The AI era has rewritten the rules of semiconductor design. For decades, Moore's Law scaling made compute faster and cheaper at the same time. But the real bottleneck today is no longer transistor count — it is memory. Specifically, the widening chasm between how fast a GPU or AI accelerator can compute versus how fast it can access data.
This gap — the Memory Wall — is why Qoresic developed its SRAM Rotation Architecture: a deliberate reorientation of SRAM from a flat 2D plane to a stacked Z-axis structure, dramatically expanding on-chip cache capacity, slashing latency, and multiplying effective bandwidth — all without increasing die footprint.

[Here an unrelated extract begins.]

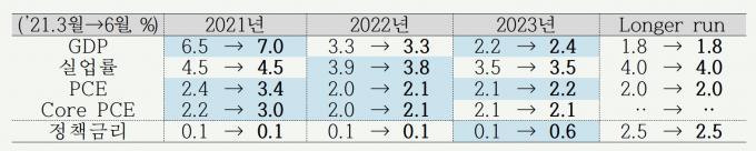 연준은 올해 미국의 경제성장률을 7.0%로 상향 조정했다. 지난 3월 전망했던 6.5%보다 0.5%포인트 높인 것이다. 물가상승률 전망치도 종전 2.4%에서 3.4%로 올렸다. 실업률 전망치는 4.5%로 유지했다.

This white paper explains the underlying semiconductor physics, the limits of conventional 2D SRAM scaling, the advanced 3D SRAM stacking technology on which Qoresic builds, and why the architectural choice to "rotate SRAM" delivers transformative AI performance.

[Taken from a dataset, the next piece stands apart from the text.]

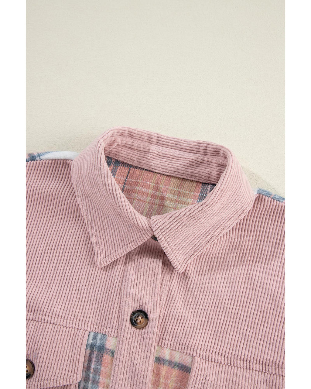 Light Pink Plaid Corduroy Patchwork Chest Pocket Shacket - M

Modern AI chips — GPUs, TPUs, neural inference ASICs — ship with thousands of tensor cores that execute hundreds of teraFLOPS. Yet utilization rates frequently fall below 30% in real-world AI inference workloads. The root cause is not compute: it is data starvation.
Tensor cores sit idle while they wait for activations, weights, and intermediate results to be fetched from DRAM. Every off-chip memory access costs roughly 200–500× more energy than accessing on-chip SRAM. The memory bandwidth required to fully feed an AI accelerator grows quadratically with model size, while DRAM bandwidth improves only linearly.

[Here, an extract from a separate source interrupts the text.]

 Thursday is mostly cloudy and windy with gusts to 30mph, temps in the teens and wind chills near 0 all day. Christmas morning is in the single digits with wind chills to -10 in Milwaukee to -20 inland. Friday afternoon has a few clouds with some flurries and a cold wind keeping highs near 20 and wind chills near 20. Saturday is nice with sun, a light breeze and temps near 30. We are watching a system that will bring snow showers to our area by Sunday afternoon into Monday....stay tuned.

AI throughput is bounded by: min(Compute FLOPS, Memory Bandwidth × Arithmetic Intensity). For transformer models with arithmetic intensity below the roofline, every performance gain from adding more tensor cores is wasted until memory bandwidth and latency are fixed first.
At N5 and below, SRAM no longer scales with logic. SRAM cell Vmin, leakage, and EUV overlay variation keep bit cells large. On advanced GPUs and AI ASICs, SRAM cache already consumes 30–70% of total die area — and is growing.
High Bandwidth Memory (HBM) raises DRAM bandwidth to 1–4 TB/s. But each access still costs 50–100 ns and 150–300 pJ. For tight inference loops requiring per-layer weight reloads, HBM latency is prohibitive at scale.
The only way to break through the Memory Wall is to bring massive SRAM capacity physically close to compute — within the same package, bonded directly above the logic die, with sub-nanosecond access and terabytes-per-second bandwidth.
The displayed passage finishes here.